IRRLICHT_FAST_MATH ceil32 and floor32

CuteAlien · Post by **CuteAlien** » Tue Jan 28, 2014 11:53 am

Bruce Dawson wrote an article about testing optimized floating point functions like ceil, floor, round: http://randomascii.wordpress.com/2014/0 ... -them-all/

So I had to test it for Irrlicht:

Code: Select all

 
// Test of ceil functions based based on http://randomascii.wordpress.com/2014/01/27/theres-only-four-billion-floatsso-test-them-all/
#define IRRLICHT_FAST_MATH 1
#include <irrMath.h>
#include <cstdio>
#include <cstdint>
 
// have to wrap the functions to receive and return float
float ceil32f ( float x )
{
    return (float)irr::core::ceil32(x);
}
 
float orig_ceil(float x )
{
    return (float)ceil(x);
}
     
union Float_t
{
    Float_t(float num = 0.0f) : f(num) {}
    // Portable extraction of components.
    bool Negative() const { return (i >> 31) != 0; }
    int32_t RawMantissa() const { return i & ((1 << 23) - 1); }
    int32_t RawExponent() const { return (i >> 23) & 0xFF; }
 
    int32_t i;
    float f;
#ifdef _DEBUG
    struct
    {   // Bitfields for exploration. Do not use in production code.
        uint32_t mantissa : 23;
        uint32_t exponent : 8;
        uint32_t sign : 1;
    } parts;
#endif
};   
 
typedef float(*Transform)(float);
 
// Pass in a uint32_t range of float representations to test.
// start and stop are inclusive. Pass in 0, 0xFFFFFFFF to scan all
// floats. The floats are iterated through by incrementing
// their integer representation.
void ExhaustiveTest(uint32_t start, uint32_t stop, Transform TestFunc,
    Transform RefFunc, const char* desc)
{
    printf("Testing %s from %u to %u (inclusive).\n", desc, start, stop);
    // Use long long to let us loop over all positive integers.
    long long i = start;
    while (i <= stop)
    {
        Float_t input;
        input.i = (int32_t)i;
        Float_t testValue = TestFunc(input.f);
        Float_t refValue = RefFunc(input.f);
        // If the results don’t match then report an error.
        if (testValue.f != refValue.f &&
            // If both results are NaNs then we treat that as a match.
            (testValue.f == testValue.f || refValue.f == refValue.f))
        {
            printf("Input %.9g, expected %.9g, got %1.9g        \n",
            input.f, refValue.f, testValue.f);
        }
 
        ++i;
    }
}
 
int main () 
{
    // This is the biggest number that can be represented in
    // both float and int32_t. It’s 2^31-128.
    Float_t maxfloatasint(2147483520.0f);
    const uint32_t signBit = 0x80000000;
    ExhaustiveTest(0, (uint32_t)maxfloatasint.i, ceil32f, orig_ceil,
                "ceil");
    ExhaustiveTest(signBit, signBit | maxfloatasint.i, ceil32f, orig_ceil,
                "ceilSignBit"); 
    
    return 0;
}

Some notes:
- I tested on Linux
- It will only compile with latest irrlicht trunk version
- You have to enable -std=c++11 for compiling this

Unfortunately my computer is obviously not as fast as the one Bruce was using for his tests as it is running here for a lot longer than the 90 seconds already. But spitting out different results already for a while which show the Irrlicht implementation for ceil32 is not correct.

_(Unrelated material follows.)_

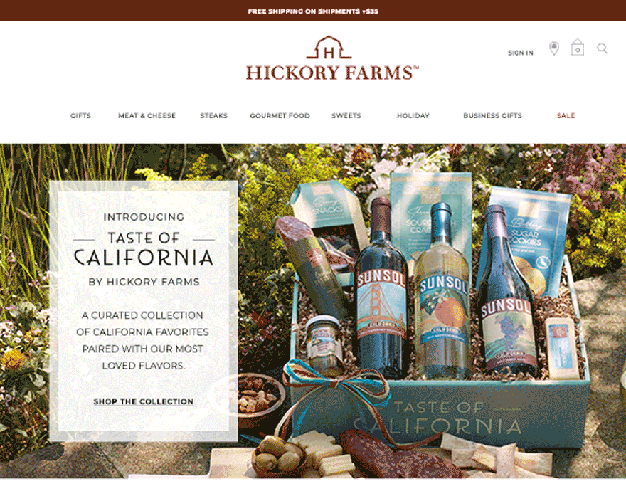Taste of California landing page on HickoryFarms.com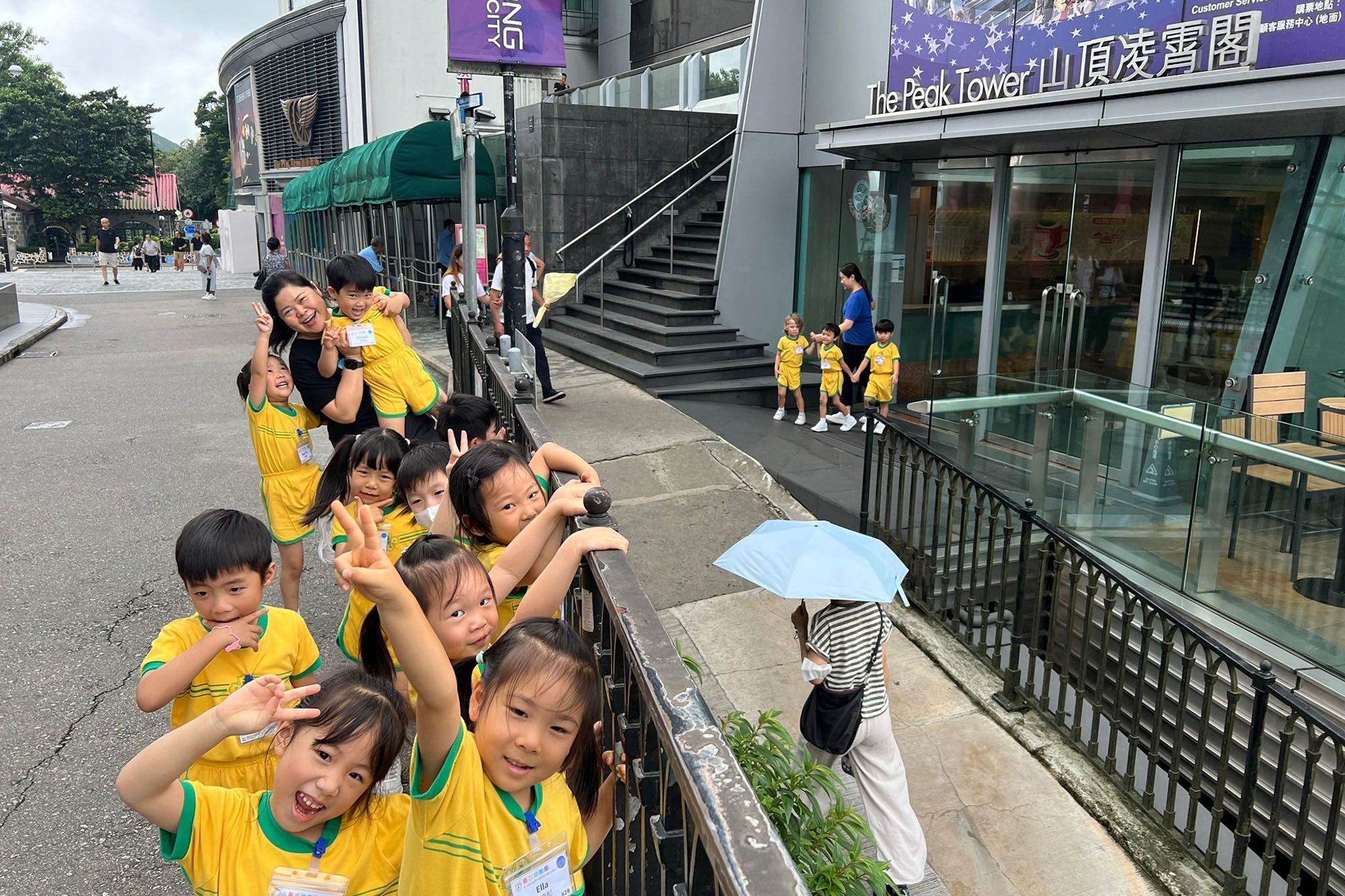 当日は、ケーブルカーでゆっくりと山を登り、途中の壮観な山々の景色を楽しみました。子どもたちは大変興奮していました!山頂に到着後、有名なピークタワーを訪れ、香港の建築の独特な特徴を鑑賞し、記念写真撮影を行いました。子どもたちはまた、伝統的な中国建築の特徴を持つライオン・パビリオンを訪れ、香港のヴィクトリアハーバーの絶景を望む高台から景色を楽しみました。途中、子どもたちは様々な言語で観光客に挨拶し、香港へようこそと歓迎し、大きな勇気と自信を示しました!教師と子どもたちは、素晴らしい一日を共に過ごしました!

I also tested floor32 for a little and it was just as bad. If fails for all odd numbers (so yeah, it fails with 1, 3, 5, etc - which makes me wonder if that function ever was tested in any way).

I'm not going to try to fix that - my recommendation would be to kick those functions out. That's unless someone is motivated enough to rewrite them and then does actually test them.

hendu · Post by **hendu** » Wed Jan 29, 2014 10:22 am

Agreed, please nuke them. I've never used that define, and it's disabled by default - maybe consider nuking all irrlicht_fast_math?

CuteAlien · Post by **CuteAlien** » Wed Jan 29, 2014 10:44 am

Testing this I also found out that Konsole (KDE console) crashes when an application printf's 25 gb of text-lines ;-)

Granyte · Post by **Granyte** » Wed Jan 29, 2014 12:24 pm

we should either nuke it or make it use intrinsic and sse

CuteAlien · Post by **CuteAlien** » Wed Jan 29, 2014 5:37 pm

Granyte wrote:we should either nuke it or make it use intrinsic and sse

Sure, if someone writes a version which improves speed and actually works that's fine and can be added. Unless that happens I guess deprecating them is the only solution.

Further testing showed that round32 also has pretty bad results. But even round_ fails with very small and with larger numbers (over 8.000.000). We might need round_ on some platforms (wasn't originally in math.h from the c-lib but only got added at some point), so I guess would be nice to figure out a working solution for that one (which must not be written in asm).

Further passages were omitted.